TASK ITEM -> Since pictures are not wanted in the copy, output only the rest of each record exactly.

Dataset excerpts
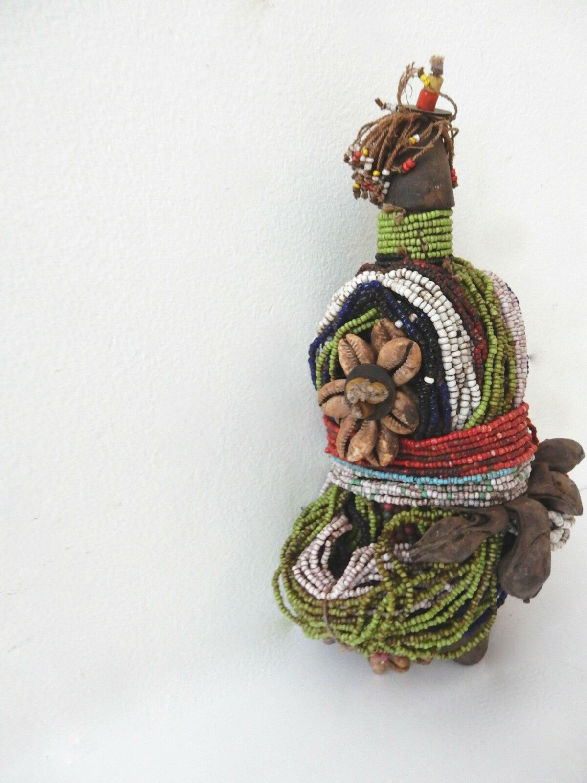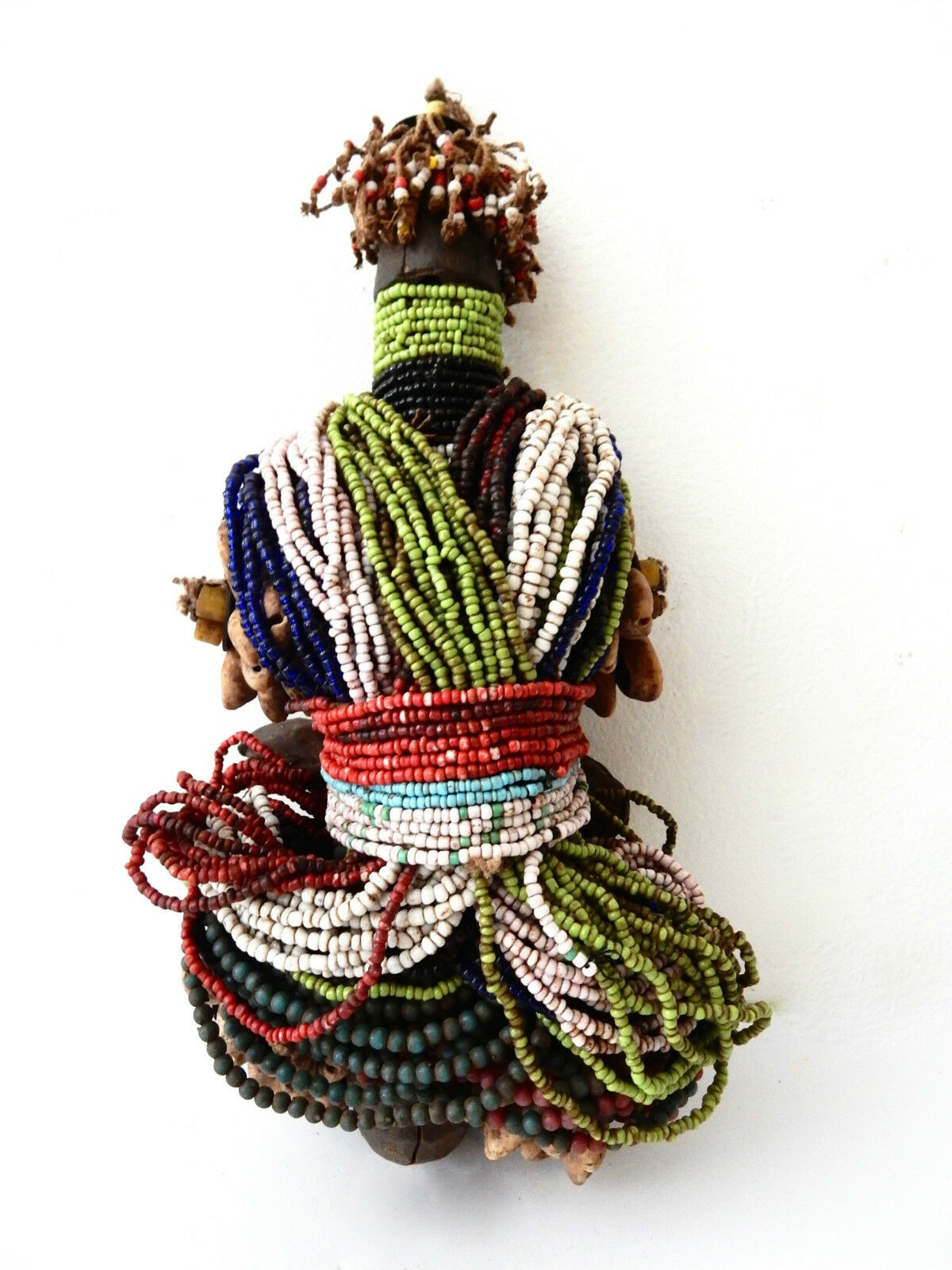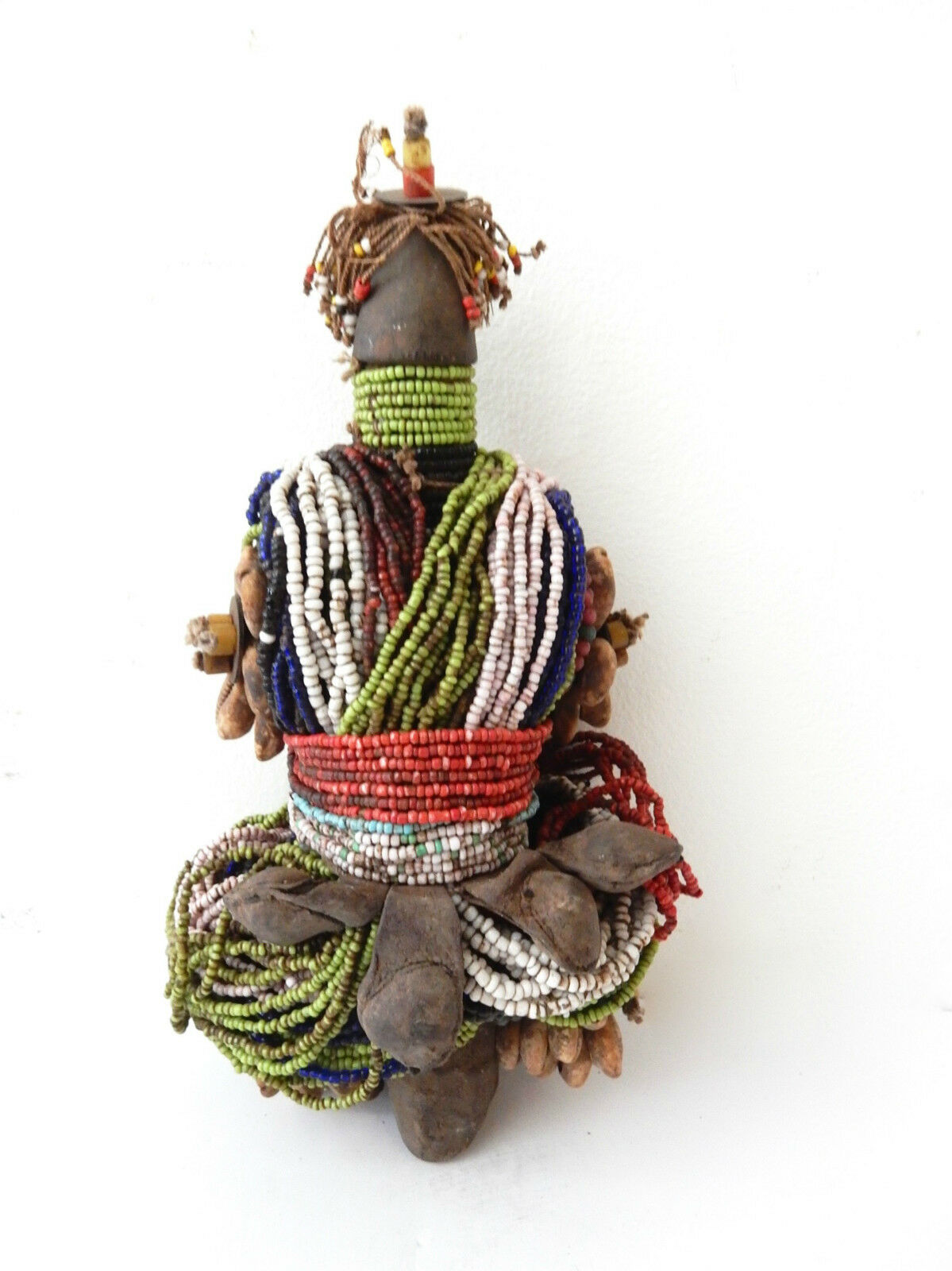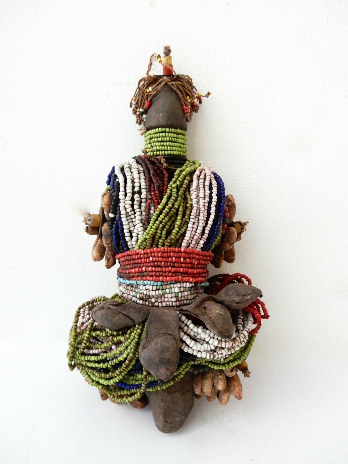 Superb African Fali fertility doll decorated with multiple layers of beads and cowrie shells, as well as leather amulets.
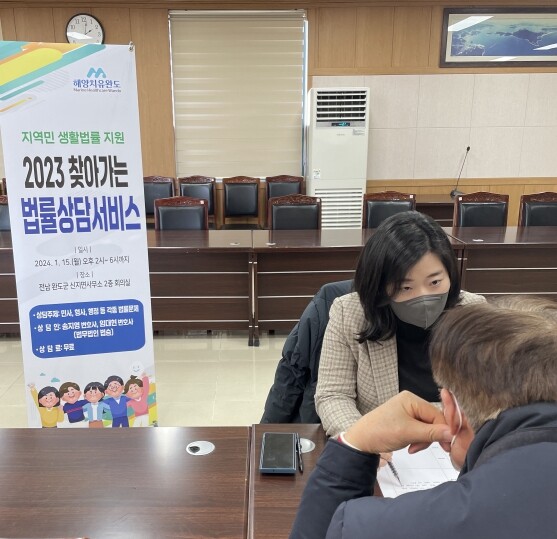 전남대 리걸클리닉센터는 전남대 법학전문대학원 출신으로 법무법인 법승(광주 소재)에서 활동 중인 송지영, 임대현 두 변호사의 도움을 받아 1월 15일 완도 신지면에서 지역민 무료 법률상담에 나섰다.
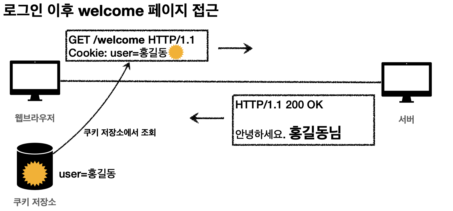 - 로그인 이후에 웹브라우저가 welcome 페이지에 들어가면 자동으로 웹브라우저는 이 서버에 요청을 보낼 때 마다 쿠키를 무조건 탐색해서 찾은 뒤 http 헤더를 만들어서 서버에 보낸다
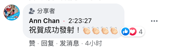 在海峽對岸,不少台灣網友通過“今日海峽”臉書直播收看了神舟十二號載人飛船發射,當看到飛船發射成功,他們也紛紛在直播中留言,表達激動心情。
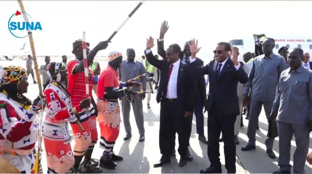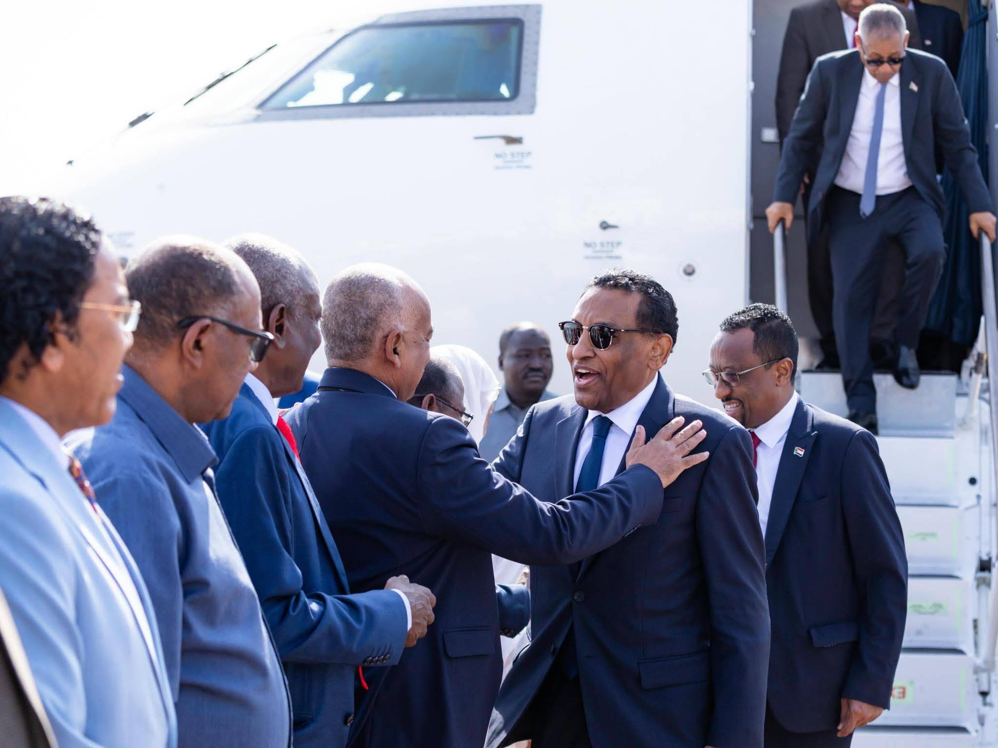 أعضاء الحكومة يستقبلون رئيس الوزراء في مطار بورتسودان (وكالة السودان للأنباء)
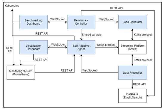 The self-adaptive agent will react to the changes in the environment by executing MAPE-K (monitor-analyze-plan-execute with shared knowledge) loop [21] once in a fixed interval of time. During the monitoring phase, the agent fetches the environment information from Kafka, Kubernetes, and the data processor. Next, in the analysis phase, it calculates the desired number of data processor replicas according to the equations introduced above. The agent will apply scaling constraints in the planning phase; the scaling constraint that is being used is to scale in only one instance at a time if the desired number of instances is less than the current number of instances for 15 seconds. For the execute phase, the agent will create or delete the data processor’s Kubernetes pods according to the planning phase demands.

SOLUTION FOR THIS PROBLEM ->
 Superb African Fali fertility doll decorated with multiple layers of beads and cowrie shells, as well as leather amulets.
 전남대 리걸클리닉센터는 전남대 법학전문대학원 출신으로 법무법인 법승(광주 소재)에서 활동 중인 송지영, 임대현 두 변호사의 도움을 받아 1월 15일 완도 신지면에서 지역민 무료 법률상담에 나섰다.
 - 로그인 이후에 웹브라우저가 welcome 페이지에 들어가면 자동으로 웹브라우저는 이 서버에 요청을 보낼 때 마다 쿠키를 무조건 탐색해서 찾은 뒤 http 헤더를 만들어서 서버에 보낸다
 在海峽對岸,不少台灣網友通過“今日海峽”臉書直播收看了神舟十二號載人飛船發射,當看到飛船發射成功,他們也紛紛在直播中留言,表達激動心情。
 أعضاء الحكومة يستقبلون رئيس الوزراء في مطار بورتسودان (وكالة السودان للأنباء)
 The self-adaptive agent will react to the changes in the environment by executing MAPE-K (monitor-analyze-plan-execute with shared knowledge) loop [21] once in a fixed interval of time. During the monitoring phase, the agent fetches the environment information from Kafka, Kubernetes, and the data processor. Next, in the analysis phase, it calculates the desired number of data processor replicas according to the equations introduced above. The agent will apply scaling constraints in the planning phase; the scaling constraint that is being used is to scale in only one instance at a time if the desired number of instances is less than the current number of instances for 15 seconds. For the execute phase, the agent will create or delete the data processor’s Kubernetes pods according to the planning phase demands.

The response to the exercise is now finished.